Constructing a Team from Scratch


We talk a lot about leading teams, but what about building them?  There may be several situations where you need to build a team from nothing; a new department, a new project, restructuring.  Below are some pointers on how to build successful teams when you don’t have a platform from where to launch. 

  1. Don’t think about who, think about why.  Structure your team based on the talents and skills you need.  Many people fall into the trap of thinking about the people that are close to them or may be in a similar role already.  You need to think about the talents that will make your team successful before you start fitting people into the role.
  2. Imagine even workloads and staff for it.  It is difficult when you put together a team and create roles and then one person is doing all of the work.  If you need three people in similar roles because of workload then staff appropriately.
  3. Don’t forget the soft skills.  We get hung up on the technical stuff.
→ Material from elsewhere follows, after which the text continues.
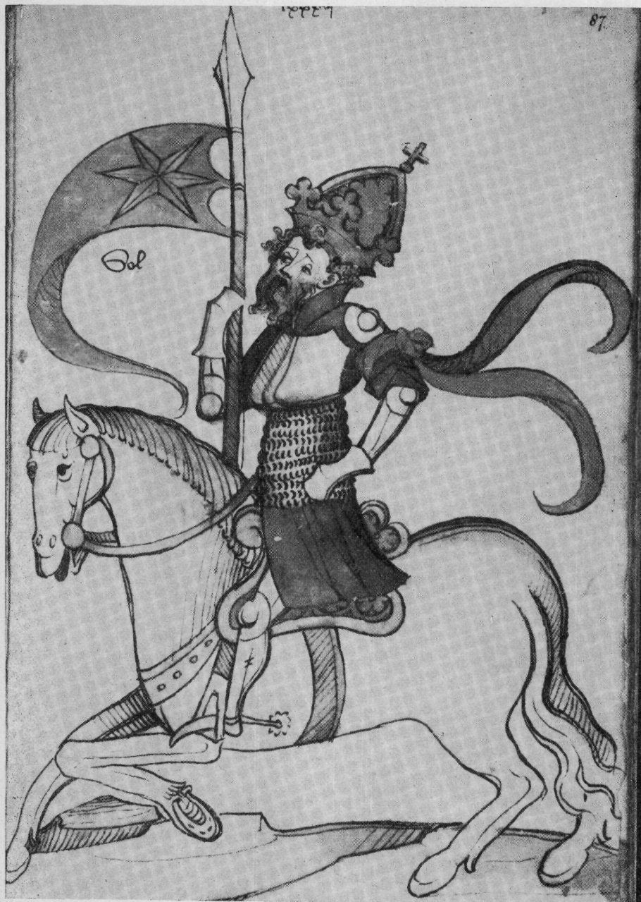
4. Göttinga. Cod. Philos. 64.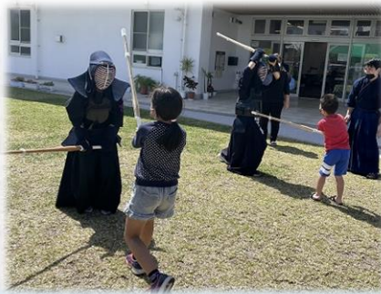
琉志館・青空の下「剣道体験」

However, things like “being a team player”, “easy to talk to”, and “a caring person” are just as (if not more) important.  These traits will define the character of your team.
  4. Don’t take on too much yourself.  It is typical to see a leader that will take on so much of the work that they don’t have the time to lead.  Don’t forget what your job is and make sure you give yourself the time and resources to do it.
  5. Don’t think in terms of dollars but in terms of production.  Let the dollars come in to play only after you have created a team that can get the output you need.  Budget is important, but so is not selling yourself short before you even get started.
  6. Place in people you can trust.  Trust is a two way street.  People need to trust you as a leader, but you need to trust people so that you can let them do what they are good at.  Remember, technical skills can usually be taught so plan on doing that at first with really good people to work with.

The above is not intended to be an all-inclusive list, but more of a rough map and thinking points.  I would be interested in your thoughts, so leave a reply if you get the chance.


2 thoughts on “Constructing a Team from Scratch

  1. Hey Anthony, A day late in reading this but I squeezed a few minutes this morning. My thoughts are more of a question for you. I have my ideas on how I would select my team based on strengths just as you mentioned but my question is how do you actually go about determining what strengths people have especially if you are just meeting them for the first time? People will put on the face you want to see in an interview but do not always stay the track once they are hired. What is your process in pulling out a person’s strengths?


    • Great question. I think that using the behavioral-based interviewing questions are very effective at coaxing out the true nature of a person during the interview process. HR folks can probably comment on this better than I can, but basically you are asking questions that are not leading and ask the interviewer to give specific instances of past situations that apply to the strenght and values they can contribute to the team.

      Example: “Tell me about a time you were forced to work with someone you didn’t necessarily get along with.” Ask for specifics on a project, how they handled it, what the result was. Remember, they should be answering with the STAR method (Situation or Task, Action, Result). Make sure you ask followups to get what you want. If you aren’t satisfied, keep digging.